## THE PROBLEM
Word for word, restate the lines of the data below between those holding "birds, Sky, sea" and "Słoń oferuje pięć", inclusive; pictures do not belong in the copy.

## DATASET EXCERPT
_ _ _ _
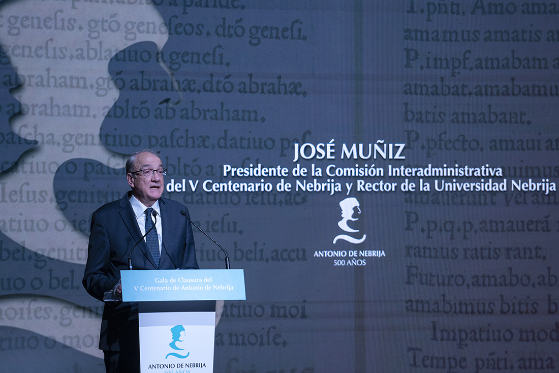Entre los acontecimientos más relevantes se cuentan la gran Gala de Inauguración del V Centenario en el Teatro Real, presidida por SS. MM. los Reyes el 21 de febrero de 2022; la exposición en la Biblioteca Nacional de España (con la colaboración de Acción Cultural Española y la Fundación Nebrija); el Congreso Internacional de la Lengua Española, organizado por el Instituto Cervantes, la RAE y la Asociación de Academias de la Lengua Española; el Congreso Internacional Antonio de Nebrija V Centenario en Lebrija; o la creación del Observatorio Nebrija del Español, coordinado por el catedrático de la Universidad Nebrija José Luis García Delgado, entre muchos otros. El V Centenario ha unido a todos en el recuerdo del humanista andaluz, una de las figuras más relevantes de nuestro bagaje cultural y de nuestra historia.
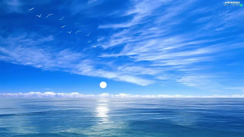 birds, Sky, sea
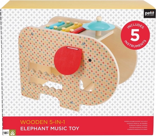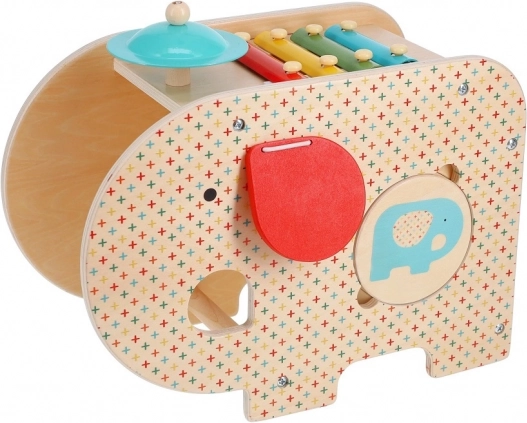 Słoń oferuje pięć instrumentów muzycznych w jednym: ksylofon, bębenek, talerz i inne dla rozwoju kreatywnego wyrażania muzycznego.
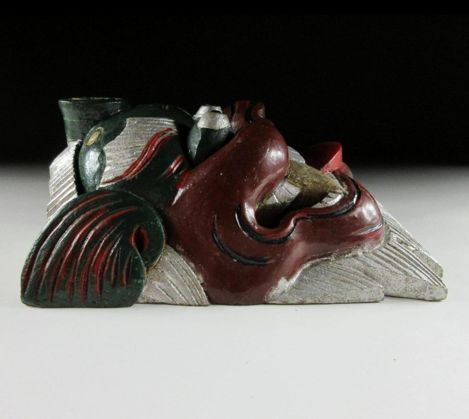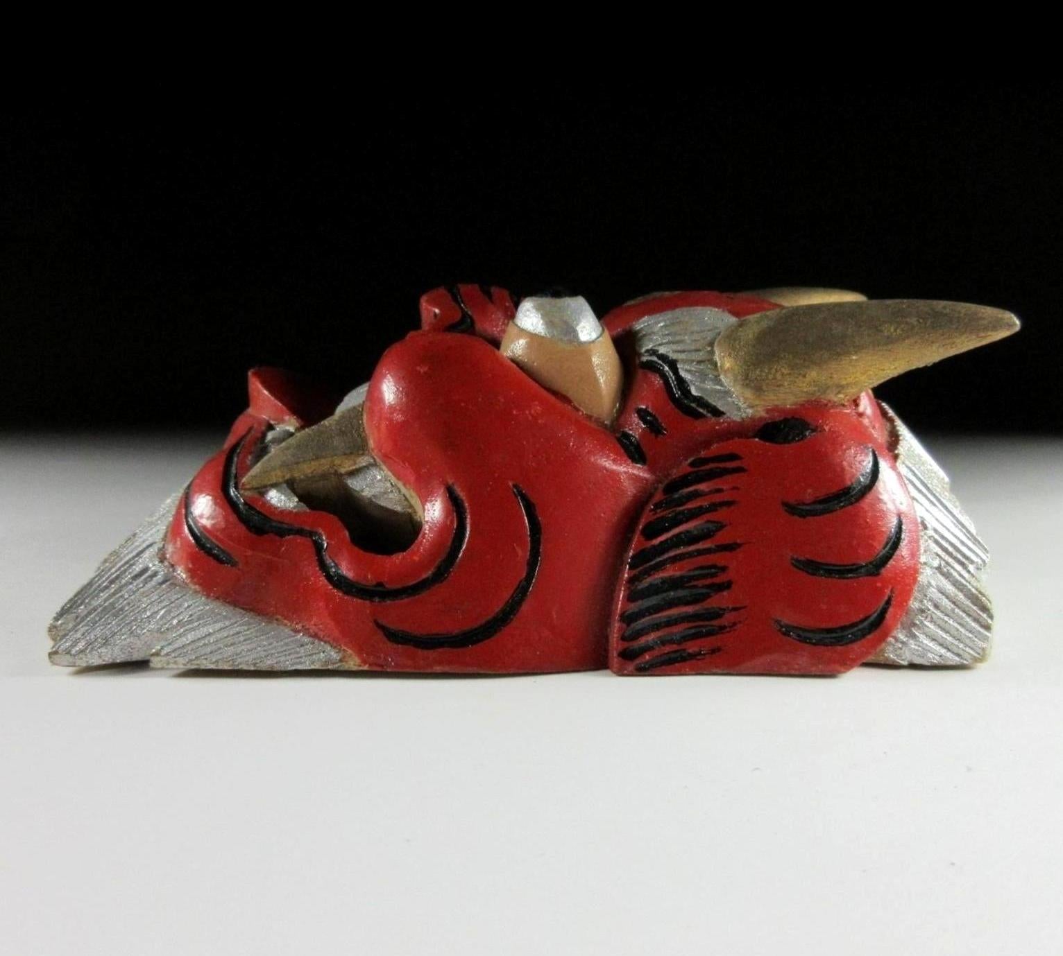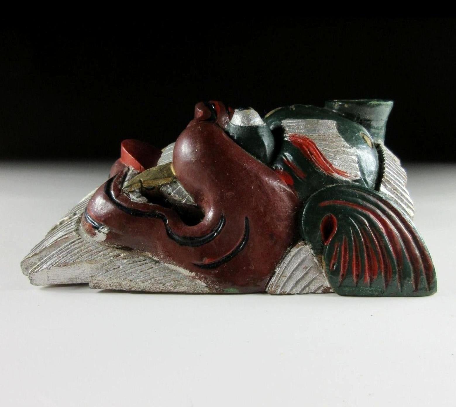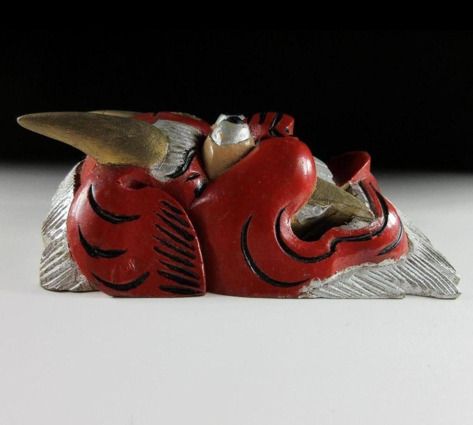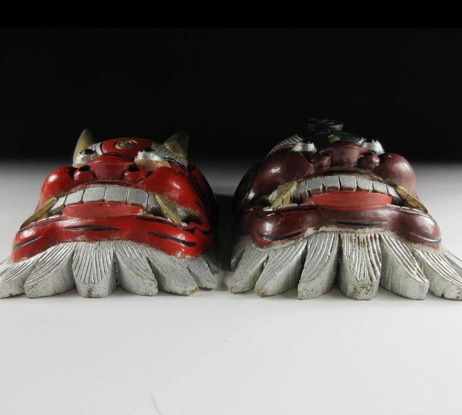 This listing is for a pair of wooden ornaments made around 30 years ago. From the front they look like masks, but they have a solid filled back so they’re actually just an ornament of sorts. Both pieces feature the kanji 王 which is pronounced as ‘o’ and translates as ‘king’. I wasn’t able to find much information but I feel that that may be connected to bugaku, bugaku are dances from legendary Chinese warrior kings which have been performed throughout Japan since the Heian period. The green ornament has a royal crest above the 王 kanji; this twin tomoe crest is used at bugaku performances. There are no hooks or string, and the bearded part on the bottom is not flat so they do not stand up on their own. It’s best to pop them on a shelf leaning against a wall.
_ _ _ _
## WRITTEN REPLY
 birds, Sky, sea
 Słoń oferuje pięć instrumentów muzycznych w jednym: ksylofon, bębenek, talerz i inne dla rozwoju kreatywnego wyrażania muzycznego.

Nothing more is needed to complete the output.